— What this task involves —
Starting with the line that contains "ingenico Move/5000 保護", give again exactly and only each line through the end of the records; include the last line and exclude pictures.

Provided records START

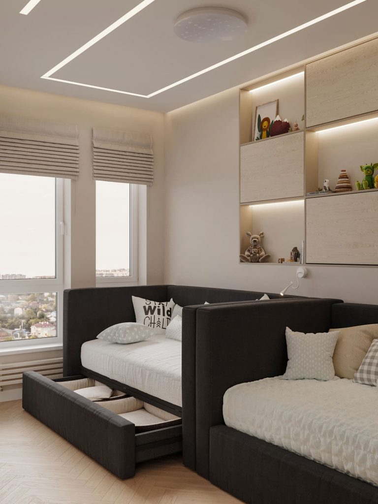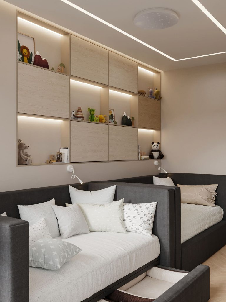 Учитывая необходимость постоянного присутствия мамы рядом с ребёнком, мы предусмотрели для неё дополнительное спальное место в детской. Кровати с выдвижными ящиками обеспечивают комфортный сон и дополнительное хранение, что особенно важно при большом количестве вещей. Встроенные полки и шкафы с освещением создают приятную атмосферу и стимулируют интерес ребёнка к чтению и играм.
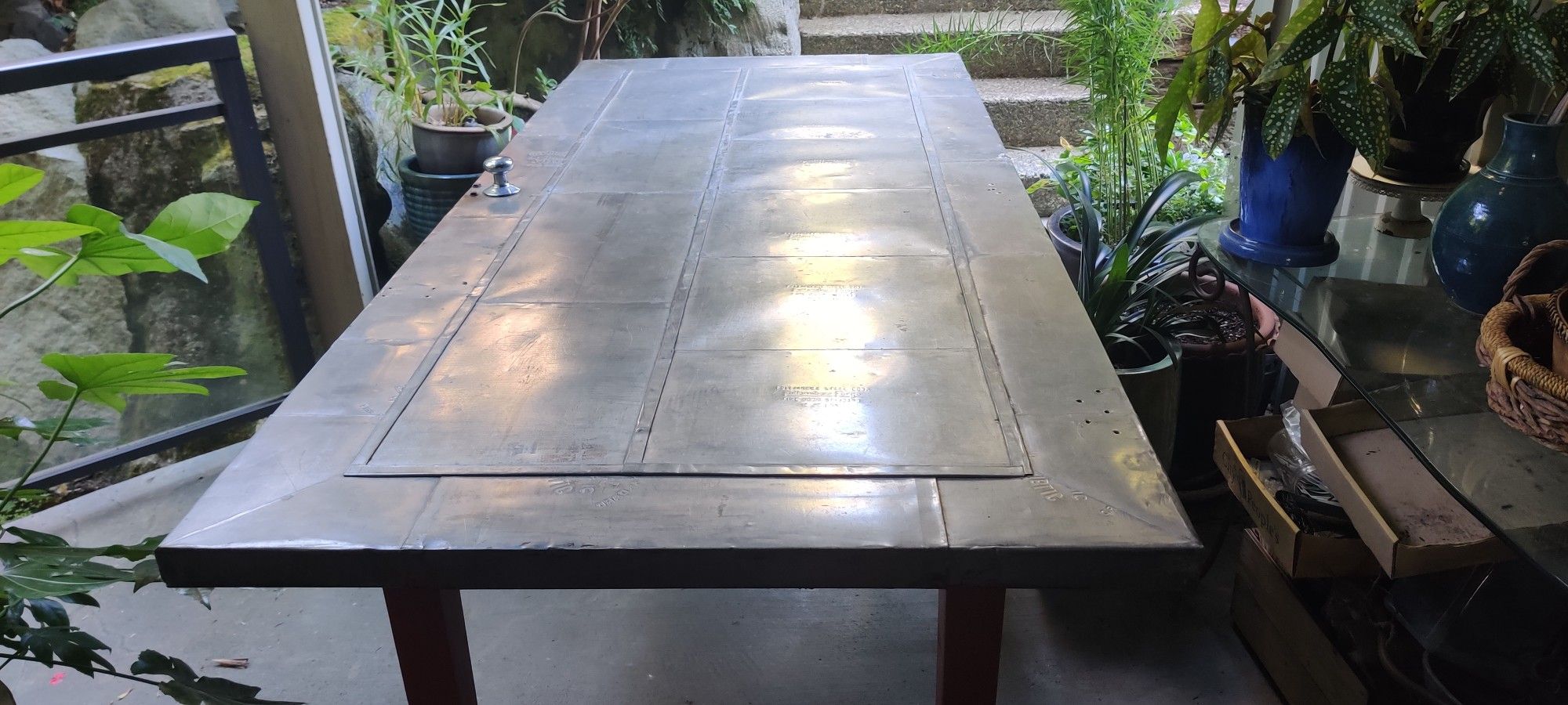 Really cool vintage steel fire door. It has been used as a table as shown but would be sweet as a sliding door too. The side that's facing down on the table is a medium to dark brown color. It's in great condition! The wood table frame is dark red and has copper feet. Size is 80" x 36" x 1.75" $700.00 Pickup in North Capitol Hill, Seattle.
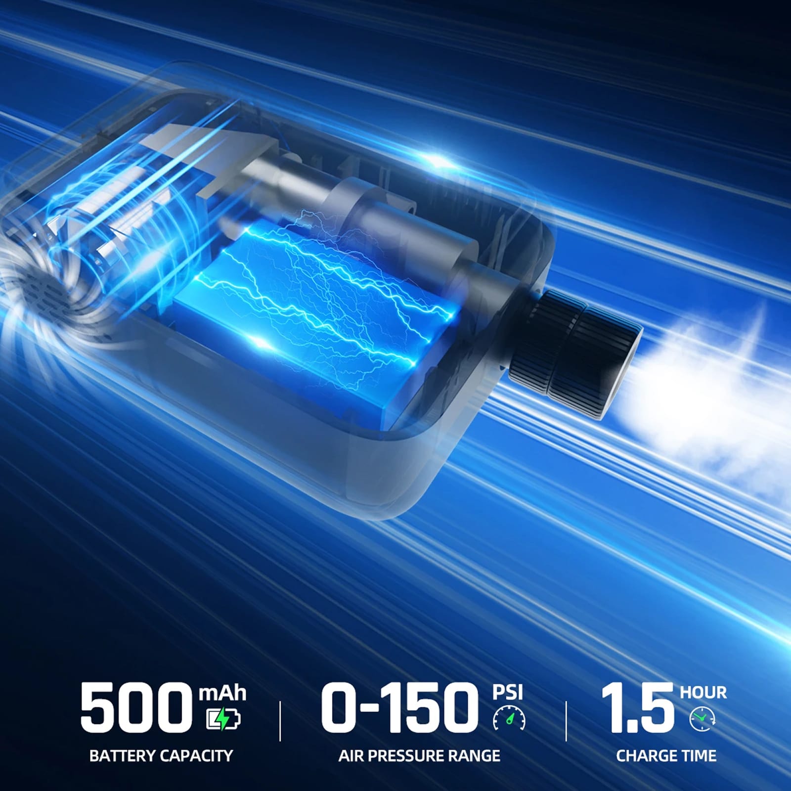 The Type-C charging port allows for quick and convenient recharging. A full charge takes just 1.5 hours, providing up to 250 seconds of continuous use—plenty for multiple tire inflations.
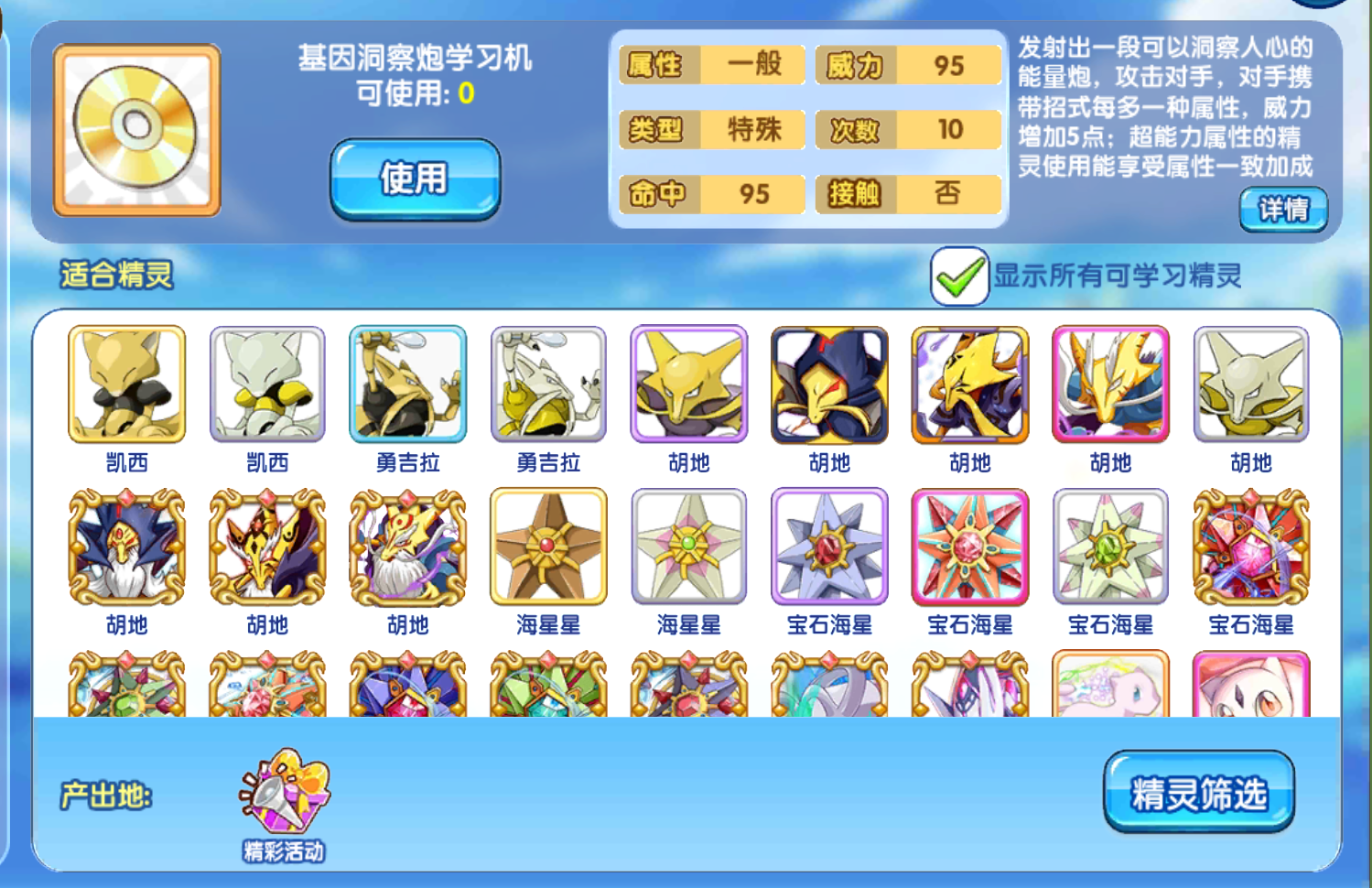 其他精灵的话就不是特别的推荐了,因为其他精灵都有更好的技能,可以使用或者是好多精灵比较冷门学了也是白学
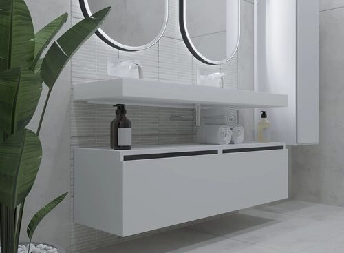 Ниже представлены фотографии различных моделей тумб под раковину 140 см подвесных в белом глянце, чтобы вы могли выбрать оптимальный вариант для своей ванной комнаты.
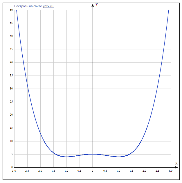 Найдём интервалы, где функция возрастает и убывает, а также минимумы и максимумы функции, для этого смотрим как ведёт себя функция в экстремумах при малейшем отклонении от экстремума:Минимумы функции в точках:x2 = 1 Максимумы функции в точках:x2 = 0 Убывает на промежутках (-oo, 0] U [1, oo) Возрастает на промежутках [0, 1]
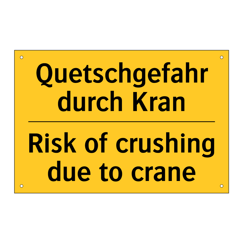 Zweisprachiges Warnschild mit deutschem Text Quetschgefahr durch Kran und englischem Text Risk of crushing due to crane
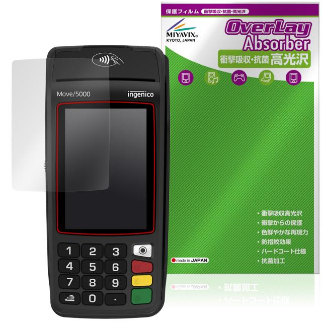 ingenico Move/5000 保護 フィルム OverLay Absorber 高光沢 for ポータブル決済端末 衝撃吸収 高光沢 ハードコート 抗菌
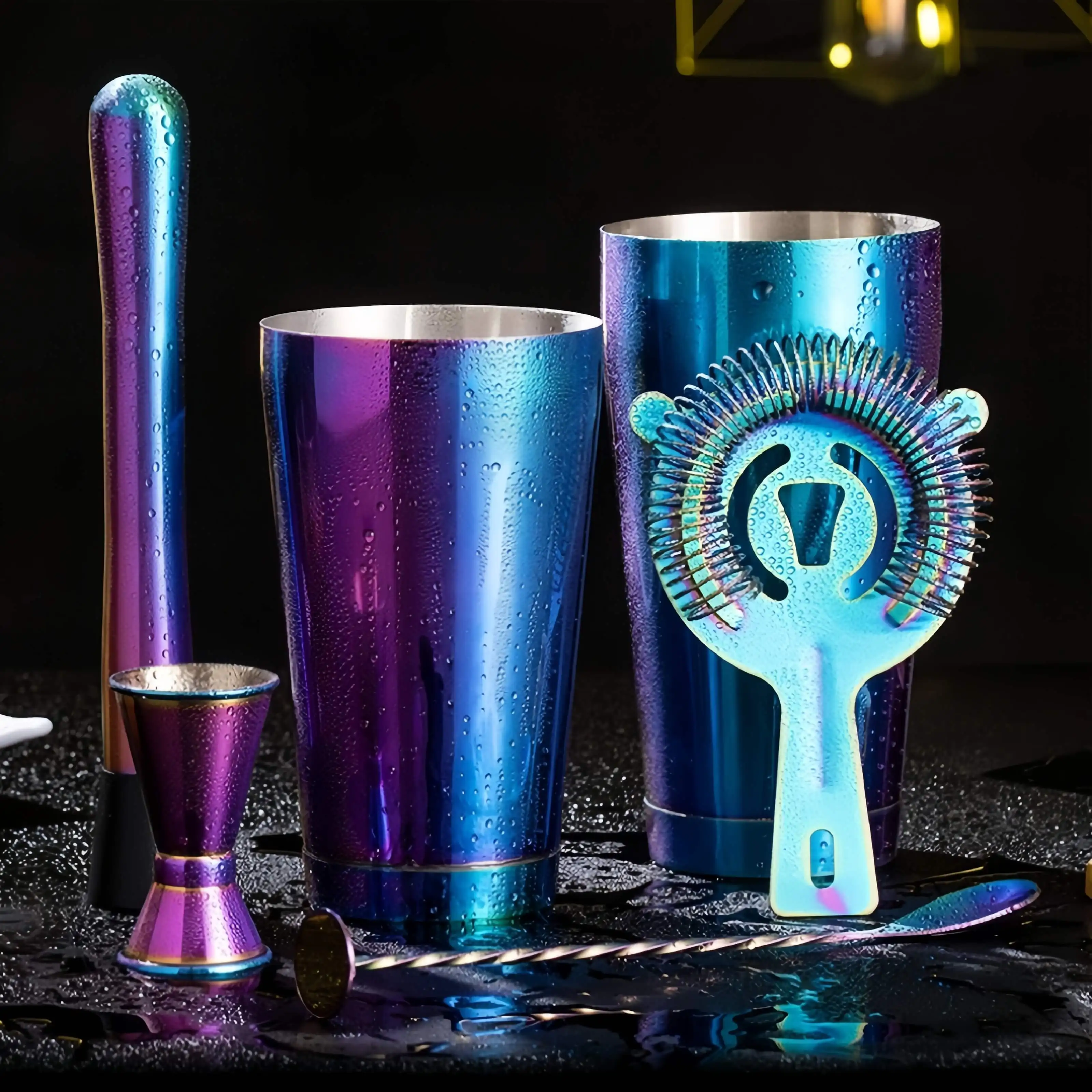 Classic Stainless Steel Rainbow Color Plating Cocktail Shaker Set ...

Provided records END

— Solved problem —
 ingenico Move/5000 保護 フィルム OverLay Absorber 高光沢 for ポータブル決済端末 衝撃吸収 高光沢 ハードコート 抗菌
 Classic Stainless Steel Rainbow Color Plating Cocktail Shaker Set ...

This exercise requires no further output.